Raw data Block Start

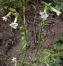 Nicotiana clevelandii is a glandular and sparsely hairy annual herb producing a slender stem up to about 60 centimetres (24 in) in maximum height. The leaf blades may be 18 centimetres (7.1 in) long, the lower ones borne on petioles.
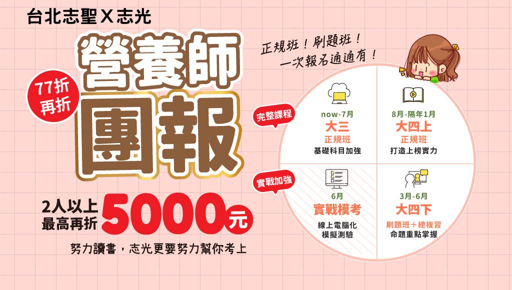 加入台北志聖+志光營養師線上課程,名師系統教學、重點整理一次到位,幫你有效衝刺考試高分。適合在學與在職考生,彈性上課、快速備考,現在報名立即開始準備!
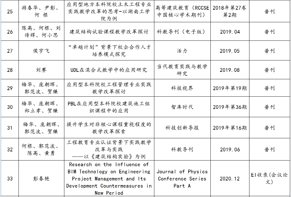 土木与建筑工程学院教师发表教研论文一览表(至2020年)
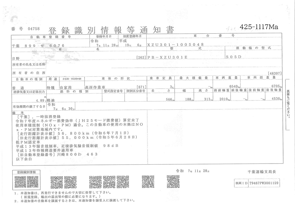 | 車両形式 | PB-XZU301E | エンジン馬力 | 0PS |
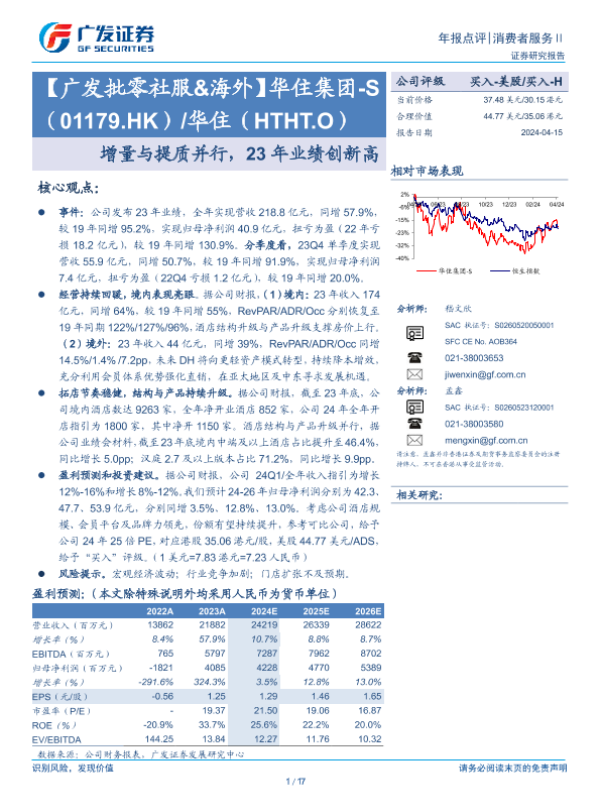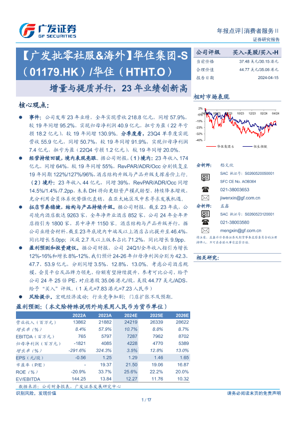 【广发证券】【20240415】华住集团-S(01179.HK)增量与提质并行,23年业绩创新高-17页

Raw data Block End

* _Try it_
Copy the records exactly as they appear, leaving every picture out.

* _Response for this exercise_
 Nicotiana clevelandii is a glandular and sparsely hairy annual herb producing a slender stem up to about 60 centimetres (24 in) in maximum height. The leaf blades may be 18 centimetres (7.1 in) long, the lower ones borne on petioles.
 加入台北志聖+志光營養師線上課程,名師系統教學、重點整理一次到位,幫你有效衝刺考試高分。適合在學與在職考生,彈性上課、快速備考,現在報名立即開始準備!
 土木与建筑工程学院教师发表教研论文一览表(至2020年)
 | 車両形式 | PB-XZU301E | エンジン馬力 | 0PS |
 【广发证券】【20240415】华住集团-S(01179.HK)增量与提质并行,23年业绩创新高-17页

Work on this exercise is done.